### DESCRIPTION OF THE TASK
Go through the listing that follows and write it out exactly. Drop the pictures.

### PROVIDED DATA
-- Opening Marker --
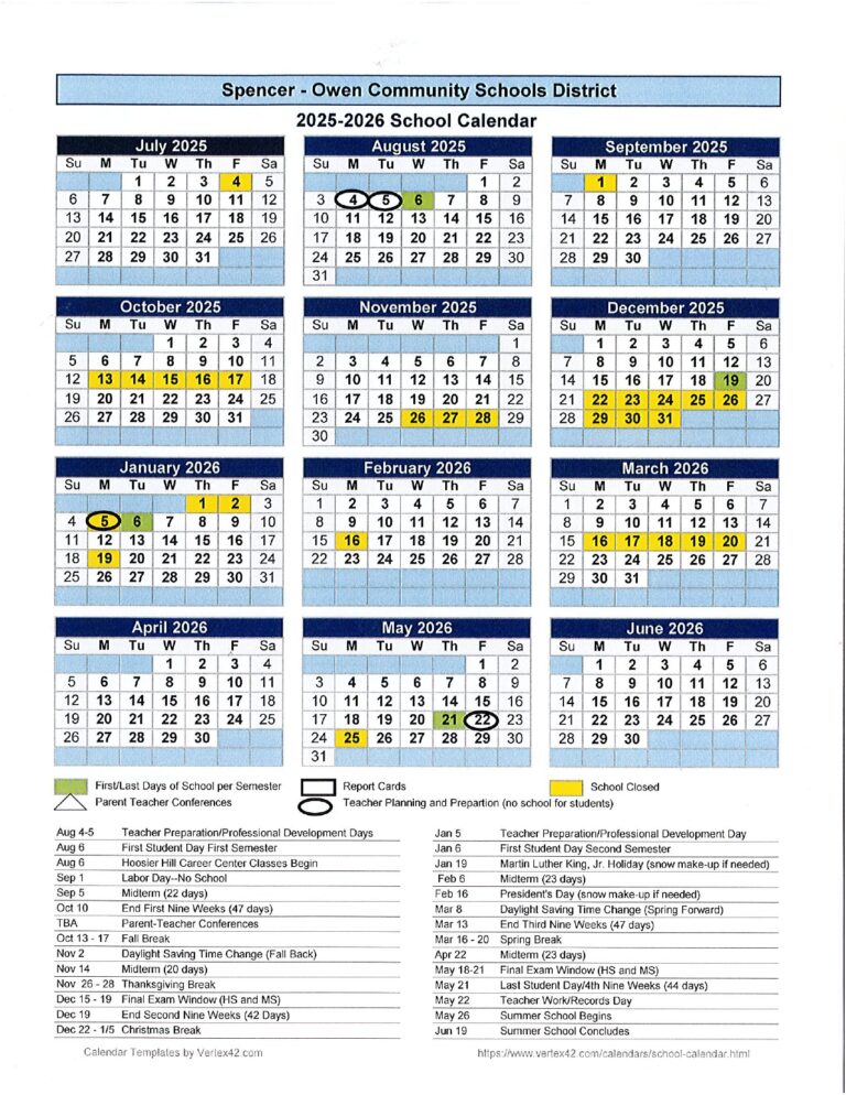 Spencer Owen Community Schools Calendar 25 26 Revised pdf EduCounty
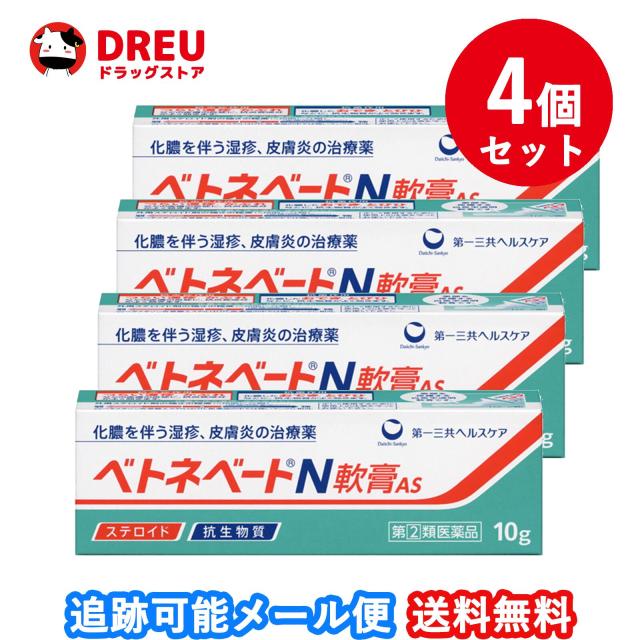 【4個セット!送料無料】ベトネベートN 軟膏AS(10g)【指定第2類医薬品】【ベトネベート】 抗生物質 ステロイド 化膿 皮膚薬 湿疹 かぶれ とびひ
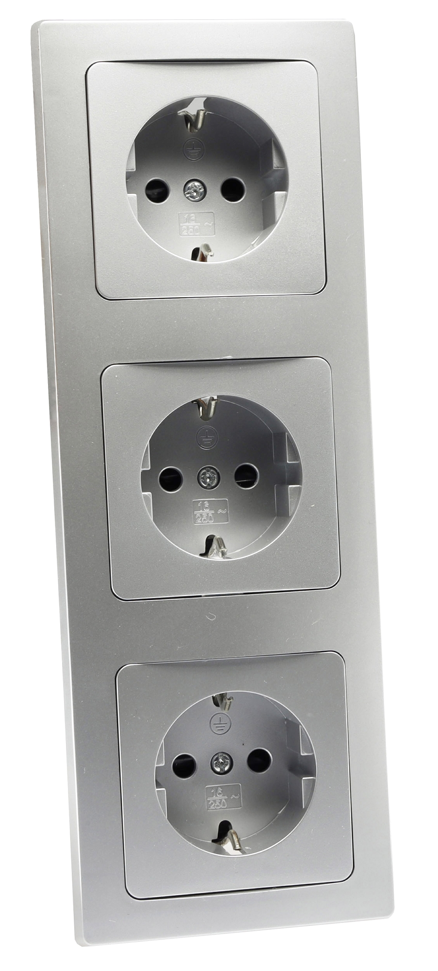 Preview: DELPHI Set 3 Steckdosen + 3-fach Rahmen 250V/16A, Steckanschluss 23064
-- Closing Marker --
### RESPONSE TO THE EXERCISE
 Spencer Owen Community Schools Calendar 25 26 Revised pdf EduCounty
 【4個セット!送料無料】ベトネベートN 軟膏AS(10g)【指定第2類医薬品】【ベトネベート】 抗生物質 ステロイド 化膿 皮膚薬 湿疹 かぶれ とびひ
 Preview: DELPHI Set 3 Steckdosen + 3-fach Rahmen 250V/16A, Steckanschluss 23064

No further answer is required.